Journal de Marie Bashkirtseff

Je vais au Louvre ce matin avec Brisbane (Alice). Ce n'est pas qu'elle soit tres interessante comme eut ete Breslau par exemple, il n'y a pas echange d'idees; mais elle est bonne enfant, assez intelligente, elle m'ecoute et je pense tout haut. C'est un exercice. Je parle de ce qui me preoccupe et de ce que je desirerais. De Bastien naturellement qui a pris une place enorme dans mes conversations avec Julian et Alice... J'aime sa peinture extraordinairement et je vous paraitrai bien aveugle si je vous dis que ces vieilles toiles enfumees du Louvre me font penser avec plaisir aux peintures vivantes entourees d'air, aux yeux parlants, aux bouches qui vont s'ouvrir. Enfin c'est l'impression de ce matin, je ne la donne pas pour definitive.
Je tousse et sans que je me vois maigrir il me semble que je suis malade. Seulement je ne veux pas y penser. Mais pourquoi alors ai-je un aspect si florissant ? Non seulement de couleur mais de dimensions ?
Je cherche la cause de ma tristesse et je ne trouve rien, si ce n'est que je ne fais pas grand chose depuis quinze jours. La statue qui tombe, se detraque, se fend, tout cela m'a fait perdre un temps infini.

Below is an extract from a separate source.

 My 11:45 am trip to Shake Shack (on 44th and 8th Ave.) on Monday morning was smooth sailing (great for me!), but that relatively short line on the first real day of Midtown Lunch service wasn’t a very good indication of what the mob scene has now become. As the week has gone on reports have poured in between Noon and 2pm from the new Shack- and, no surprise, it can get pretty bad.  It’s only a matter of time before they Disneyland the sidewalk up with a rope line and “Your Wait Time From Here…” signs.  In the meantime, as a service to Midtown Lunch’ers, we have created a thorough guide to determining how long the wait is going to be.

Demain a une heure je recommence a travailler sans cela je ne me retrouve pas.
Ce qui me vexe un peu c'est que ce pastel soit si bien et que les peintures soient simplement bien. Eh bien je me sens en etat de peindre aussi bien que ca a present et vous verrez !
Je ne suis pas triste, j'ai simplement la fievre et de la peine a respirer. C'est le poumon droit qui... progresse.

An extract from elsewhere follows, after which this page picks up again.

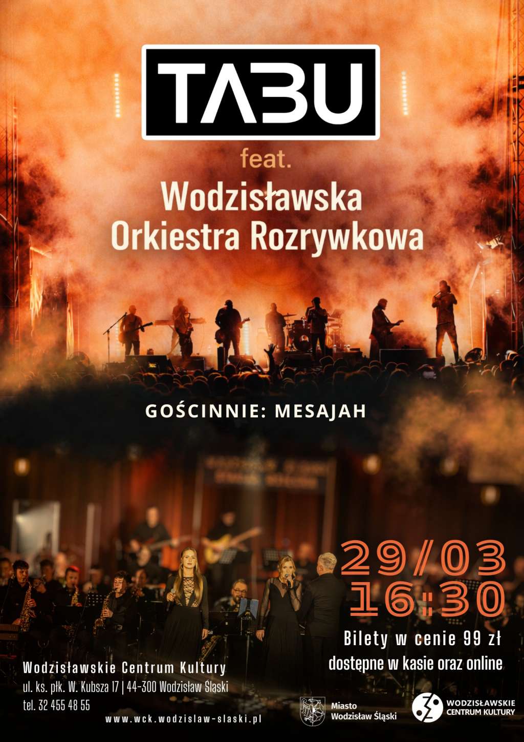 W Wodzisławskim Centrum Kultury odbędzie się koncert przygotowany przez Wodzisławską Orkiestrę Rozrywkową, we współpracy z zespołem TABU. Wydarzenie zostało zaplanowane jako prezentacja repertuaru grupy TABU, w aranżacji na kilkudziesięcioosobową orkiestrę pod batutą Marka Soboty.
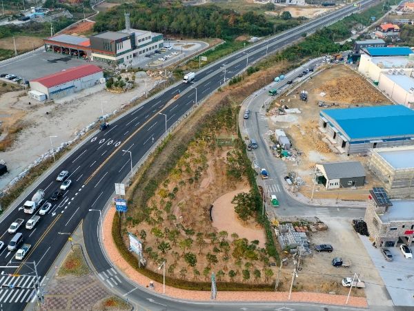 농공단지 사거리의 숲은 연안여객선터미널 숲과 달리 공원 형태로 조성됐으며, 미세먼지 저감 효과를 극대화할 수 있도록 대형 나무 위주로 식재를 했다.

Et folle que vous etes, vous vous voyez pour ainsi dire bruler et vous ne faites rien ! Des vesicatoires ? Des taches jaunes pendant un an ou deux ?! Mais qu'est-ce que deux ans aupres de la vie, de la sante, du travail ?
Ah ! voila. Je n'en ai meme pas grand besoin de cette epaule et on peut si bien s'arranger... Eh bien alors ? Eh bien alors on croit toujours que ca passera comme ca...
Nous avons envoye les portraits a l'architecte. Ma photographie est jolie mais j'ai l'air d'une folle. Ophelie ?
Nous allons ce soir chez Mme Kanchine, on danse.
J'ai du succes, mais ca ne m'amuse pas.